Я слышала размеренное дыхание Ласло рядом и отчего-то была совершенно спокойна. Я чувствовала его внимательный взгляд, а на моих запястьях ожогами горели невидимые следы его прикосновений. Всего лишь за несколько минут я успела обрести спокойствие в лице самой беспокойной души в радиусе километра моей палаты.
Когда мне показалось, что оттенок на картонке точь в точь повторяет цвет подсхошей крови на бинтах моего нового знакомого, я подняла взгляд, молчаливо спрашивая одобрения и разрешения. Получив его, я сделала первые штрихи, намечая основные линии лица, волос и плеч. Я обязательно попытаюсь нарисовать его точный портрет, хотя больше люблю рисовать природу и всегда делала именно это. Но он слишком удивителен для того, чтобы просто остаться смазанным пятном на моей памяти.
А пока я не могу нарисовать его полноценный потрет, на бумаге быстро появляется сплетение алых линий, которые точно отражают образ моего собеседника. Острые скулы, четко очерченные губы, открытый, но задумчивый взгляд, все это я пытаюсь вложить в мой набросок, будто бы рисуя его собственной кровью. Бумага не может передать движение, но я все же пытаюсь запечатлеть взмах его бесцветных ресниц, и немного разочарованное опускание головы, словно на него что-то давит сверху.
Через несколько минут я протягиваю альбом мужчине, вопросительно глядя. Неужели это не те самые краски, которые он пытался найти, вспарывая себе вены? Разве подобного алого оттенка недостаточно и нужно искать его в игре со смертью?

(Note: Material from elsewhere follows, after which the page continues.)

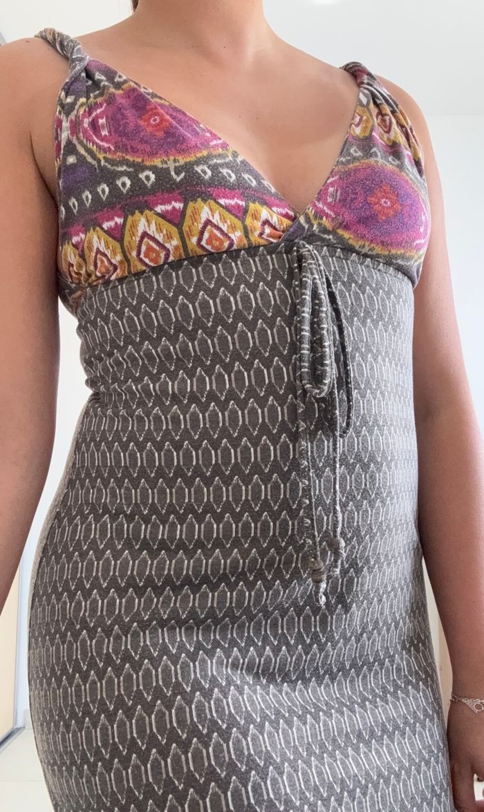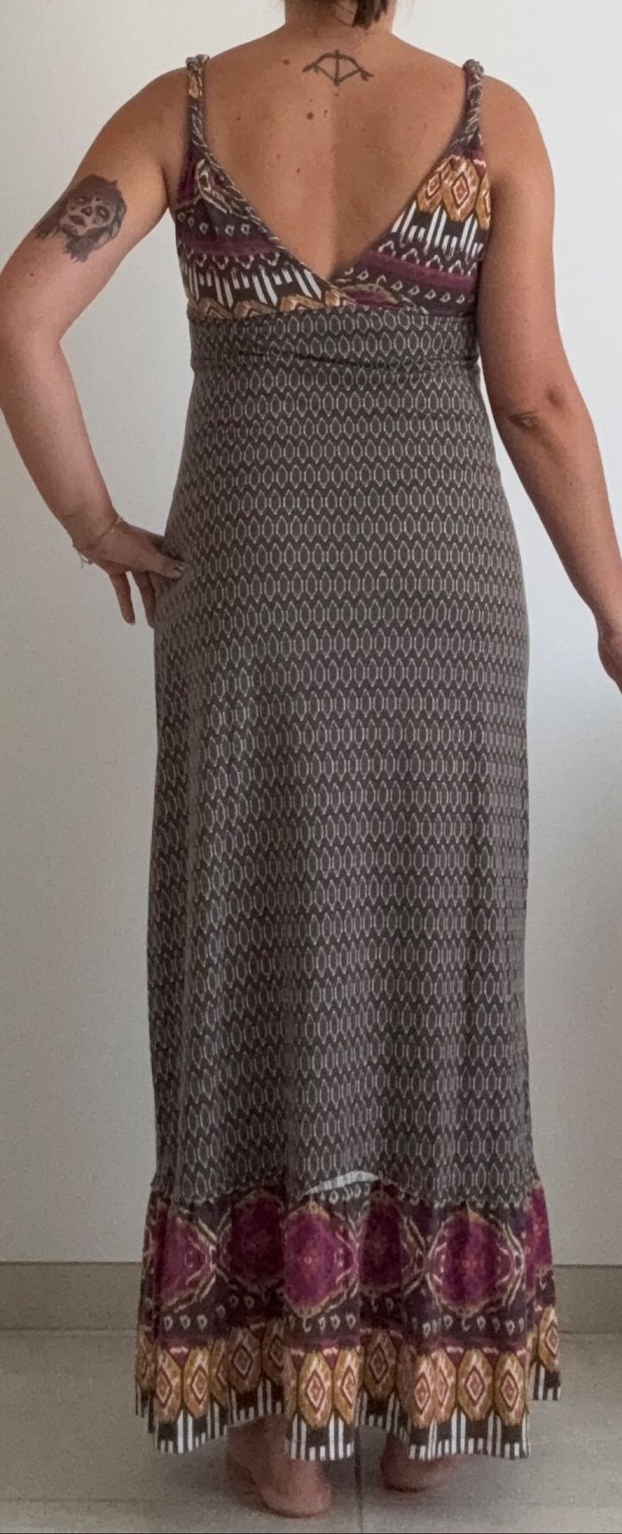 Magnifique robe longue style bohème signée Pimkie, parfaite pour l’été. Buste ajusté avec jolis motifs colorés ethniques dans les tons violets, orangés et dorés. Dos légèrement échancré et bretelles enroulées. Tissu fluide et extensible, très confortable à porter ☀️ 📏 Taille M (peut aussi convenir à un S grâce à l’élasticité du tissu). Très bon état général, aucun défaut visible. Prix négociable 💰

Я твердо уверена в том, что так нельзя и по моему взгляду он может это прочитать. Я не осуждаю его и уж тем более не смеюсь над ним. Но мое желание показать ему, что то, что он искал в смерти-вполне можно найти в жизни, слишком сильное, когда я придвигаюсь к нему ближе и задумчиво вожу пальцами по алым пятнам на его перебинтованных запястьях. Они и без того такие тонкие и прозрачные, что кажется, будто бы они переломаны и только бинт их сдерживает. С какой же силой нужно было распарывать их, вскрывая себе вены, чтобы они до сих пор кровоточили, не желая заживать и затягиваться? Не хочу думать о подобном, потому что в моей голове сразу появляются картинки, которые я никогда не пожелала бы увидеть в реальной жизни.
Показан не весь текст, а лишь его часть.